Since the general availability of Azure Data Lake Storage (ADLS) Gen2 in Feb 2019, customers have been getting insights for their big data analytics workloads at cloud scale. Integration to analytics engines is critical for their analytics workloads, and equally important is the ability to programmatically ingest, manage, and analyze data. This ability is critical for key areas of enterprise data lakes such as data ingestion, event-driven big data platforms, machine learning (ML), and advanced analytics. Programmatic access is possible today using ADLS Gen2 REST APIs, Blob REST APIs, or capabilities via Multi-Protocol Access. As part of our developer ecosystem journey, our goal is to make customer application development for programmatic access easier than ever before.

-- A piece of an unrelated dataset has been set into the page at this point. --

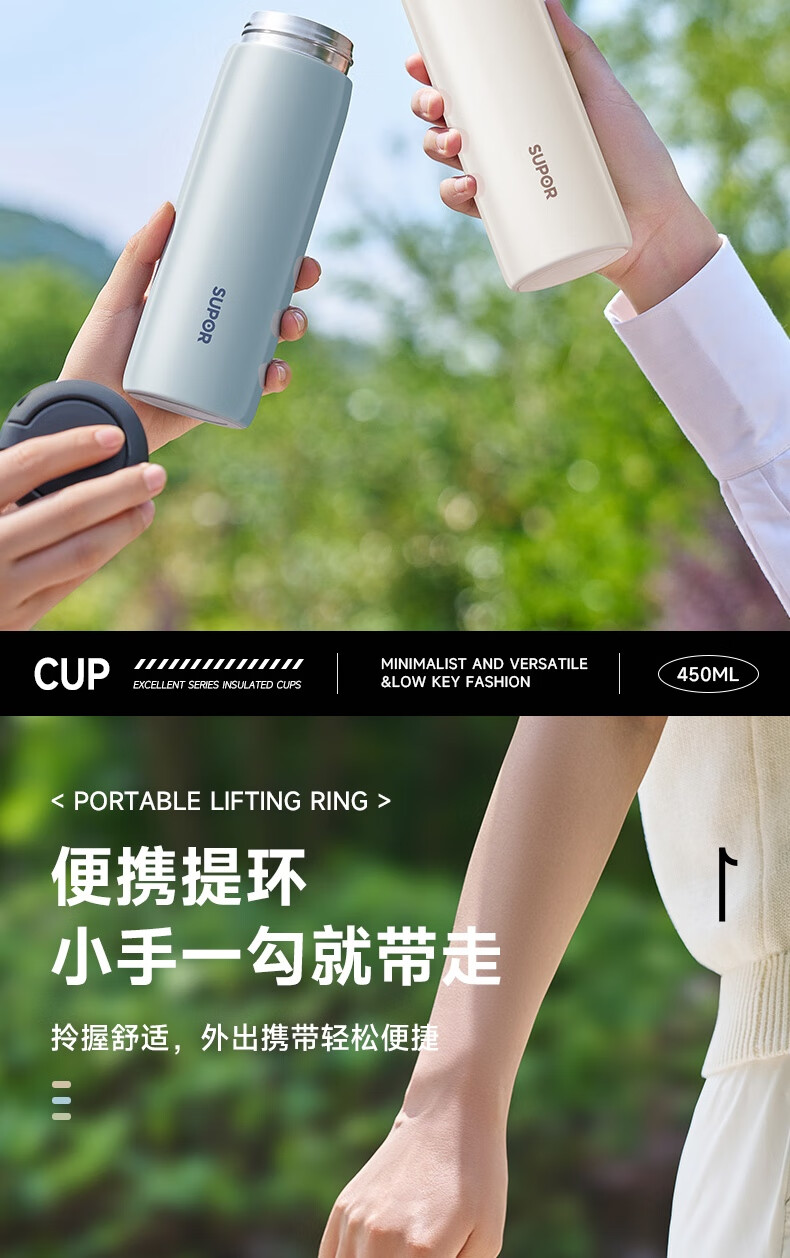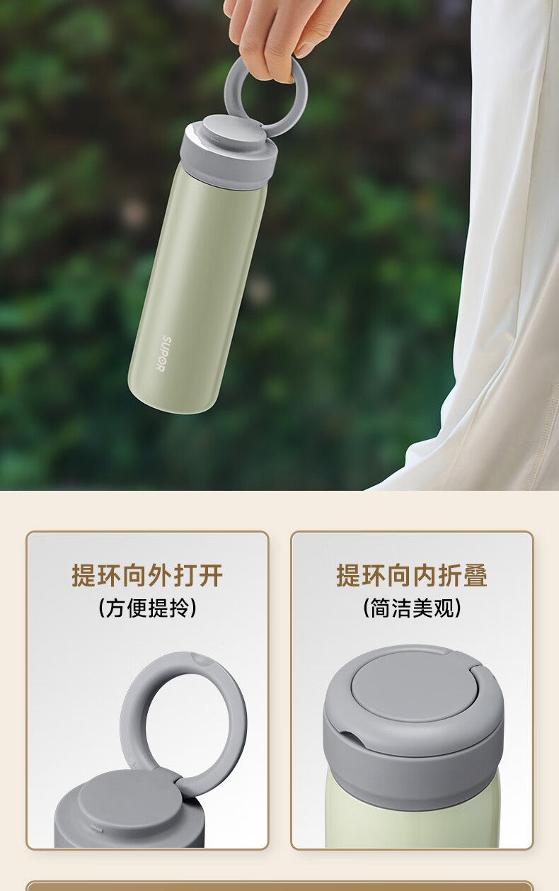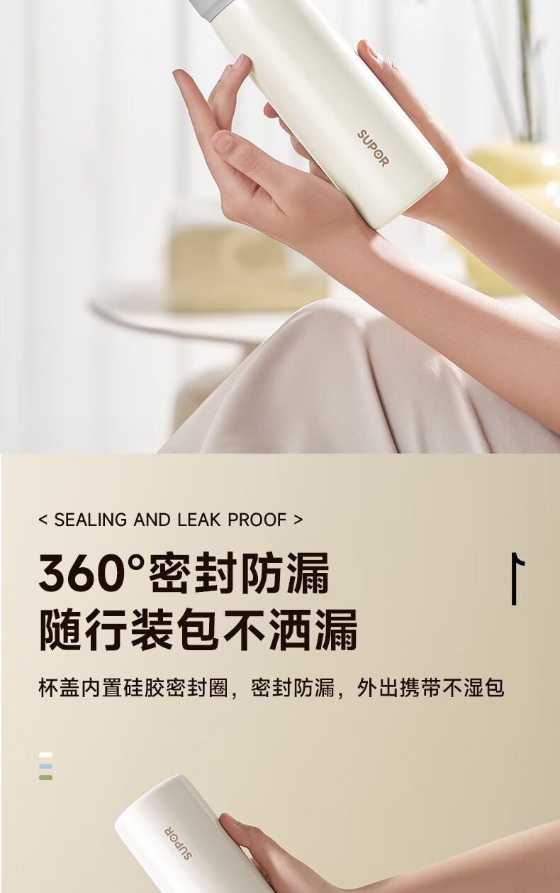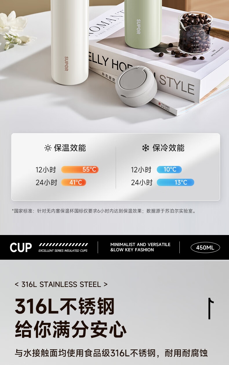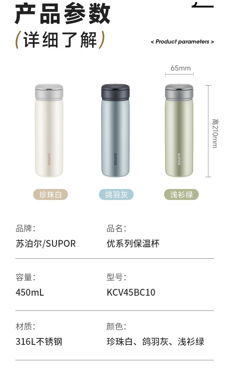苏泊尔保温杯保温杯316L不锈钢学生水杯子 450ml KCV45BC10(珍珠白)/KCV45BC11(鸽羽棕)/KCV45BC12(浅杉绿)

Towards this goal, we're announcing the general availability of Python, .NET, Java, and JS filesystem SDKs for Azure Data Lake Storage (ADLS) Gen2 in all Azure regions. This includes support for CRUD operations for filesystem, directories, files, and permissions with filesystem semantics for ADLS Gen2. Customers can now use this familiar filesystem programming model to simplify application development for ADLS Gen2. These filesystem SDKs streamline our customers’ ability to ingest, manage, and analyze data for ADLS Gen2 and help them gain insights at cloud scale faster than ever before.
Many of our customers have tried out the ADLS Gen2 SDK preview builds for their scenarios successfully. Here are some common themes based on preview feedback:
- The SDK is working seamlessly with new filesystem semantics and has successfully moved key data domains to ADLS Gen2. The SDK expedited the transfer of 450 GB data from ADLS Gen1 to ADLS Gen2 within a few hours. The permissions set up at the root-level directory is working well with hierarchical namespace enabled and all the permissions are propagating perfectly to the child items through the folder hierarchy.
- The SDK is critical to the way customers orchestrate their deployments.
- The SDK has helped ingest large amounts of IoT data to be used by data scientists for their analytics workloads. This has been instrumental in providing self-service environments for the researchers with access to their own set of directories.
- Data ingestion pipelines have used the SDK to integrate drone image data, satellite image data, ground sensor data, and weather data into ADLS Gen2. This helps build custom ML models which generate additional business insights for customers. Customers can use these ML models or aggregate raw data based on their needs and store processed results back into ADLS Gen2.
- Customers appreciate that the SDK preview feedback has been addressed as part of the preview builds and are eagerly awaiting general availability.
- Customers have successfully executed various tests including creating and appending files using the ADLS Gen2 SDK and testing reads using the Blob REST API.
Based on your preview feedback, we have also introduced new APIs for bulk upload that simplifies the experience for larger data writes/appends for ADLS Gen2. Detailed documentation is available in the links below:
PowerShell and CLI will continue to be available for preview globally in all Azure regions. We will announce General Availability for PowerShell and CLI as soon as we have addressed preview feedback.
We welcome your feedback to continue to enrich the ADLS Gen2 developer experience and thank everyone for their collaboration towards achieving this high value release. We look forward to these strong partnerships in future investments as well for our developer ecosystem journey.